Enrico nickte. Ich sah seufzend an meinem auswendigen Menschen hernieder und sagte mir in der Stille, daß die olympische Verborgenheit da oben in der That den angemessensten Platz für mich biete. So folgte ich denn dem Freunde, und wir schlichen durch einen der Aufgänge und kletterten empor.

Es ging durch ärmliches Volk, Gelächter und lebhaftes Gespräch in einem abscheulichen Gassenjargon von Italienisch; zuweilen umspülte uns ein penetranter Duft von Zwiebel oder Knoblauch, oder auch die Ausdünstung übermäßigen Weingenusses; ich war froh, daß wir möglichst hoch über diese Atmosphäre hinaus stiegen. Endlich nahmen wir auf einem der alten Steinsitze Platz. Der Himmel hatte sich inzwischen gelichtet – der Mond mußte aufgegangen sein. Seitlich saßen einige dunkle, wüst und zerlumpt aussehende Gesellen, über die man sich nicht eben freuen würde, wenn sie einem so zufällig begegneten und nach der Zeit fragten; unter uns saß eine Gruppe Betrunkener, welche von sehr unsaubern Erlebnissen in Ostindien erzählten; neben ihnen ein hageres Individuum in grauem Cylinder und schwarzem Rock, auf dem Metallknöpfe blinkten, weßwegen ein paar halbnackte Knaben in der Nähe ziemlich ungenirt den Verdacht äußerten, eine „Eccellenza“ vor sich zu haben. Unten aber wogt und rauscht und summt es, und eine Weile hängt mein Auge gefesselt an dem phantastisch originellen Bilde dieser Arena, bis ich des Eindrucks müde geworden.

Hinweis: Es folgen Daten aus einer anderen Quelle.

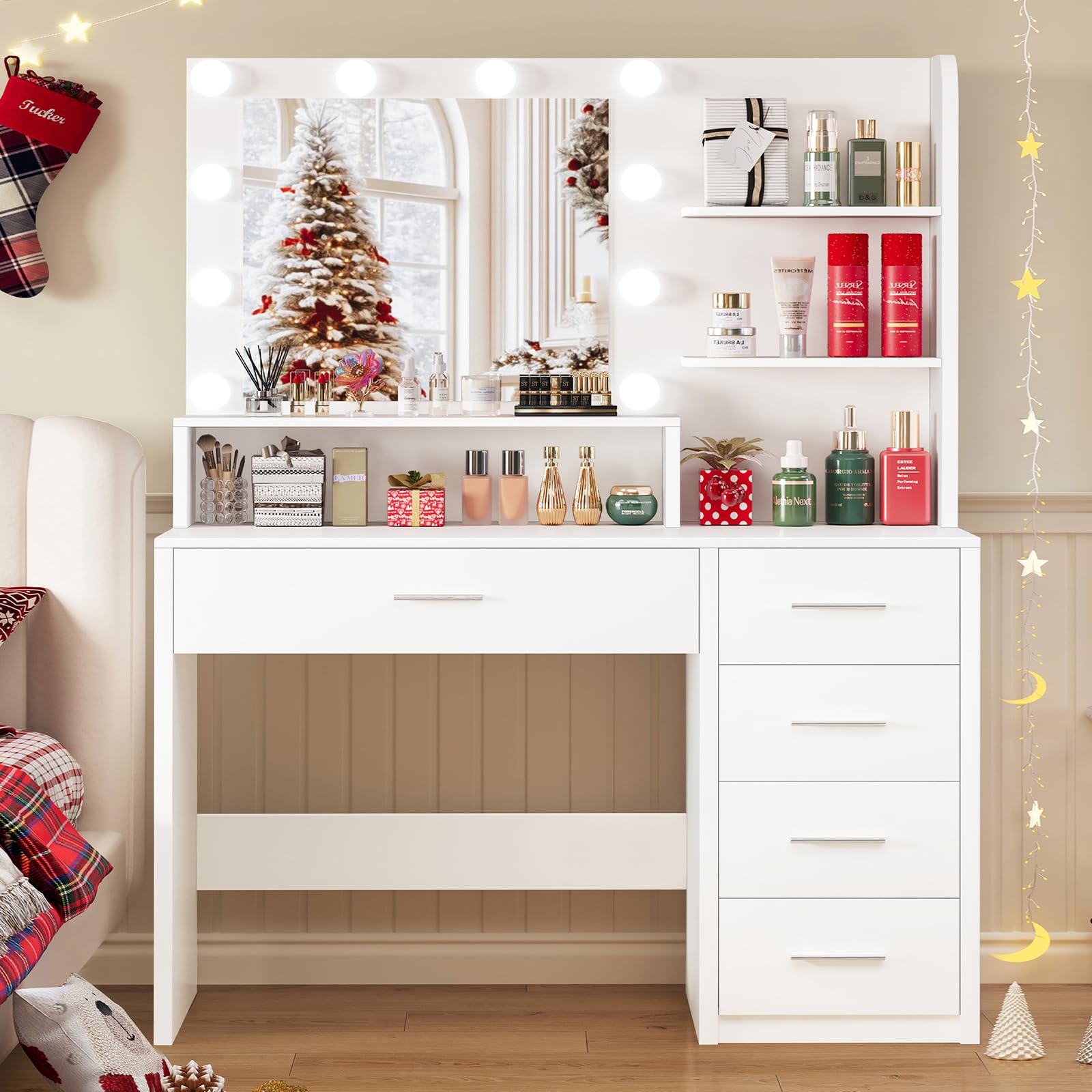 🎄【Ideal Christmas Gift】Looking for a thoughtful Christmas present? This stylish, functional vanity is perfect for wives, daughters, or moms! With its premium LED mirror, ample storage, and safe design, it’s a heartfelt holiday gift that elevates their daily beauty routine—adding joy and luxury to the festive season.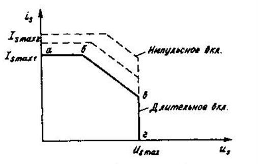 На рис. 39 представлена область безопасной работы (ОБР) транзистора при постоянном и импульсном токах различной длительности. Участок аб соответствкет предельному значению постоянного токк. Участок бв - ограничивает ОБР в соответствии с максимально допустимой мощностью потерь в приборе. Участок вг соответствует максимально допустимому значению напряжения коллектор-эмиттер. В импульсном режиме работы границы ОБР расширяются, чем короче импульс тем больше могут быть допустимый ток и мощность.

Unterdeß haben zwei Violinen und eine heisere Trompete, welche das Orchester vorstellen, bereits drei Ouvertüren durchprobirt, ohne daß eine Andeutung baldigen Beginns der Vorstellung erfolgt. Ich versuche, während Enrico in vollem Behagen mit einem Taschenperspectiv um sich späht, den Widerwillen gegen meine Umgebung durch Erinnerungen zu betäuben. Die Phantasie träumt sich zurück, weit, weit zurück in vergangene Zeiten. Die Natur vergrößert, das Herz erweitert sich; längsterstorbene Schatten leben auf. Die steinernen Sitze, die mächtigen Mauern helfen das Bild vervollständigen.

Es ist ein römischer Festtag. Wunderprächtig blaut der Himmel; die Sonne scheint so heiter, daß man fast die Freude in den Herzen lesen kann. Tausende über Tausende drängen nach der Arena. Der Boden erglänzt von Goldsand und Carmin, damit das Blut der Kämpfenden sich weniger bemerkbar macht, und über die weitgeschwungenen Sitzreihen spannen sich große orientalische Purpurplanen, das Licht dämpfend und den Eindruck des Schauspieles erhöhend. Chorgesang und Musik ertönt, und die Menge schwatzt von den Neuigkeiten.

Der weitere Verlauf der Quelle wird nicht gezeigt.